> **WHAT THE TASK ASKS**: Reproduce the entries exactly and omit the pictures.

[DATASET ENTRIES Boundary: Start]

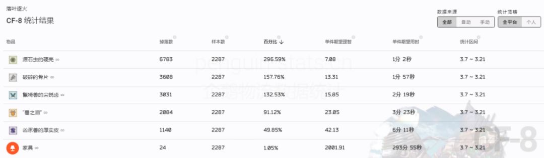 所以我查询了企鹅物流,并且引入了一个“炼金值期望”的数据,在消耗理智相同的情况下,炼金值期望越高,这关的性价比就越高。
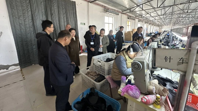 在马村乡南街村德隆鞋业,认真听取企业发展历程介绍,实地参观裁断车间、针车车间、物流仓库,对德隆鞋业设计、生产、销售一体化运作模式有了详细了解。
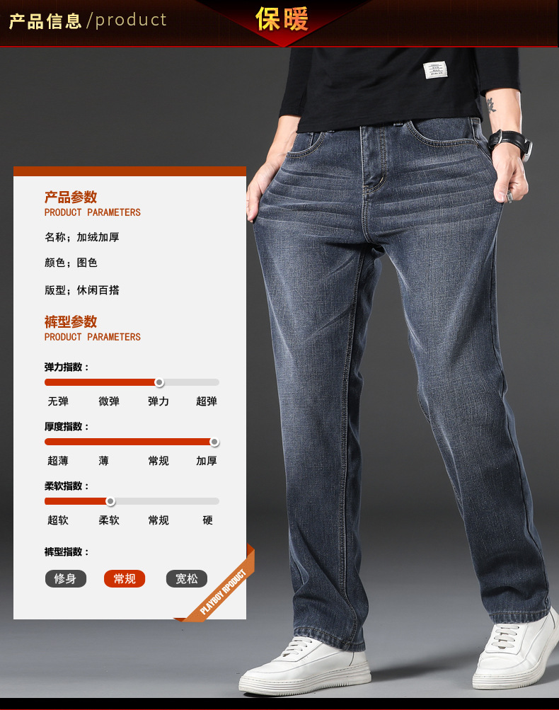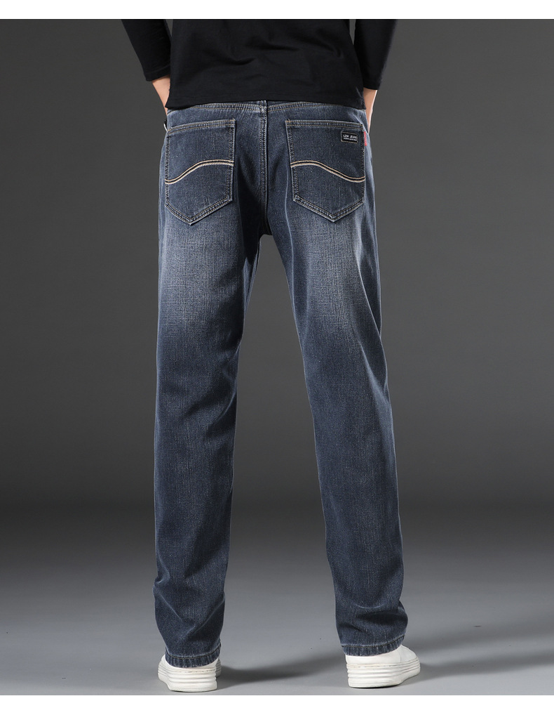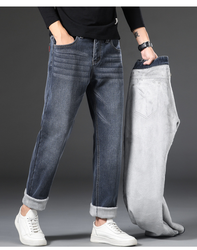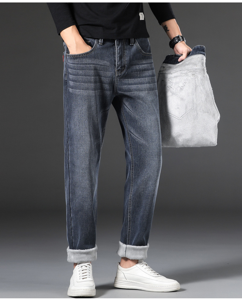 【新款DQ】大码男装冬季新款加绒加厚牛仔裤男宽松弹力简约百塔牛仔长裤
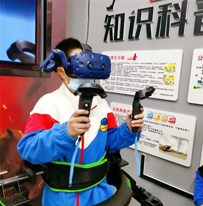 让我印象最深的是逃生体验,带上VR眼镜仿佛身临其境,直接体验消防逃生等实验。这里有个小房间,里面又黑又暗还有烟雾,幸好是有小伙伴一起。在这里我学会了正确的逃生方法,用湿毛巾捂住口鼻,俯身弯腰,靠墙迅速逃离到安全地带。
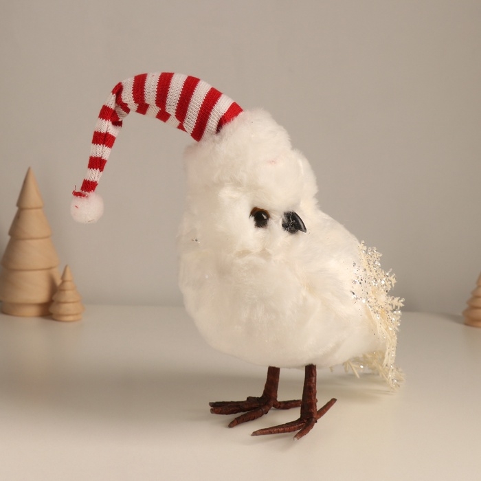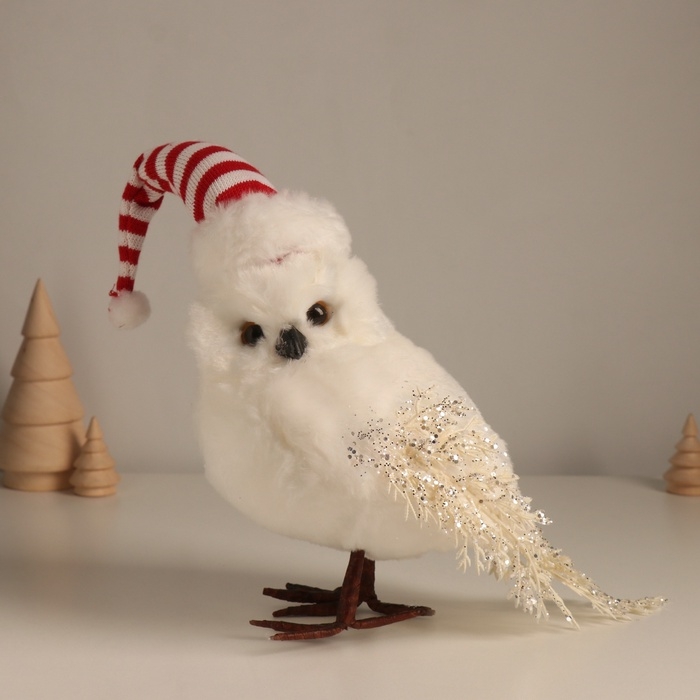 Декор "Белая совушка в полосатом колпаке" 18х10х22 см

[DATASET ENTRIES Boundary: End]

> **OUTPUT OF THE TASK**:
 所以我查询了企鹅物流,并且引入了一个“炼金值期望”的数据,在消耗理智相同的情况下,炼金值期望越高,这关的性价比就越高。
 在马村乡南街村德隆鞋业,认真听取企业发展历程介绍,实地参观裁断车间、针车车间、物流仓库,对德隆鞋业设计、生产、销售一体化运作模式有了详细了解。
 【新款DQ】大码男装冬季新款加绒加厚牛仔裤男宽松弹力简约百塔牛仔长裤
 让我印象最深的是逃生体验,带上VR眼镜仿佛身临其境,直接体验消防逃生等实验。这里有个小房间,里面又黑又暗还有烟雾,幸好是有小伙伴一起。在这里我学会了正确的逃生方法,用湿毛巾捂住口鼻,俯身弯腰,靠墙迅速逃离到安全地带。
 Декор "Белая совушка в полосатом колпаке" 18х10х22 см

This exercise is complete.